Task objective:
Find "本次展览集中展示《新时代高校" in the material below, then write out that line and every line after it exactly, ending with the last one; skip the pictures.

Records to use:

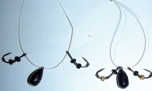 На конце лески вяжется петля, к которой крепятся грузило с крючками по бокам. Крючки должны свободно перемещаться по леске. Кембрики с бусинками одеваются на леску и крючки. Вес грузила зависит от глубины ловли и силы течения.
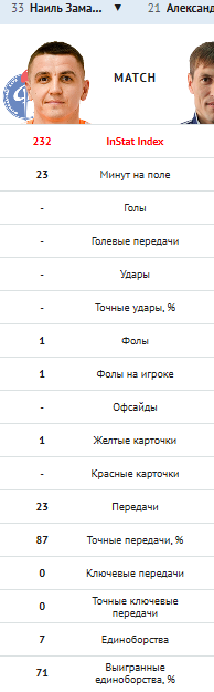 Вроде бы за последние несколько лет система Instat сильно усовершенствовалась и игроки разных амплуа оцениваются по разным методикам. Мне лично интересно сравнить свои впечатления с оценкой спецов, чаще всего они совпадают, но бывает и по другому. В этот раз поставил Замалиева в тройку, но когда увидел оценку был сильно удивлен, стал пересматривать моменты и понял что был не прав.
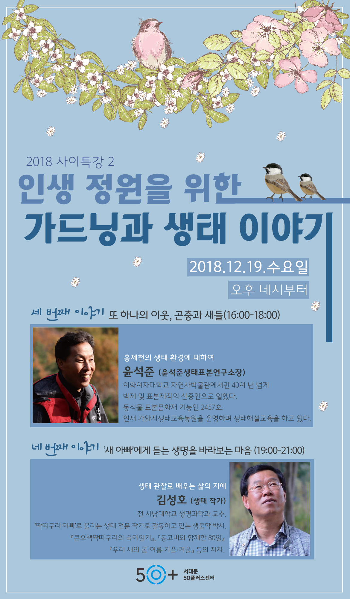12월 19일 오후, <인생정원을 위한 가드닝과 생태이야기>의 생태 편 특강을 듣기 위해 다시 서대문50+센터로 갔다. 지난 강의도 그간 들어왔던 가드닝 강좌와 달리, 정원산업과 가드너의 관점에서 바라본 정원의 사계까지 깊이 살펴볼 수 있어서 유익했는데, 이번에는 정원과 관련된 생태이야기라니 한층 더 궁금증을 불러일으켰다.
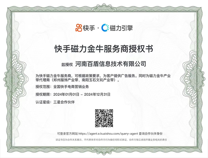 快手磁力金牛三星服務商(全國最高星級)”,
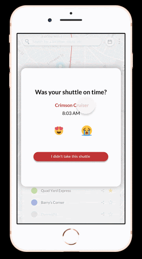 iShuttle is further meant to facilitate physio-pleasure and the behavioral facets of Don Norman’s emotional design. The application features an emoji-based quick feedback form wherein the user indicates whether their shuttle came on time or not. The emoji-based buttons are meant to be engaging for the user, and the selection is designed to gamify the experience. Furthermore, immediately after making their quick selection, the user is thanked with a message explaining that their feedback helps other riders. This reinforcement is both meant to appeal to the user behavioral, and to provide an ideo-pleasure in this message of validation.
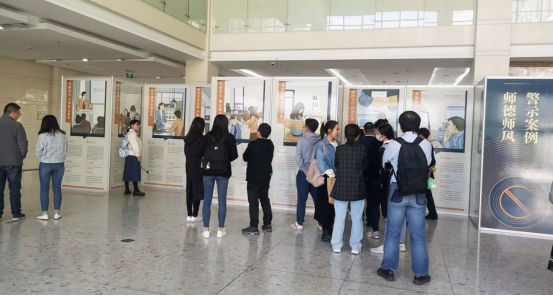 本次展览集中展示《新时代高校教师职业行为十项准则》和高校发生的典型案例师德师风警示案例,用“身边事”教育“身边人”、用“同类事”教育“同类人”,引导全体教职工受警醒、明底线、知敬畏。
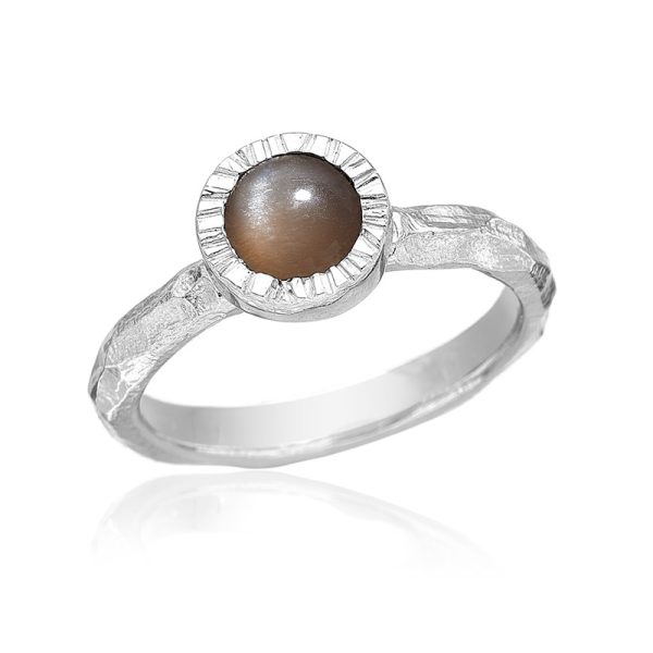 En skøn samlering i sølv, hvor den klassiske månesten møder den mere rustikke overflade.

Response area:
 本次展览集中展示《新时代高校教师职业行为十项准则》和高校发生的典型案例师德师风警示案例,用“身边事”教育“身边人”、用“同类事”教育“同类人”,引导全体教职工受警醒、明底线、知敬畏。
 En skøn samlering i sølv, hvor den klassiske månesten møder den mere rustikke overflade.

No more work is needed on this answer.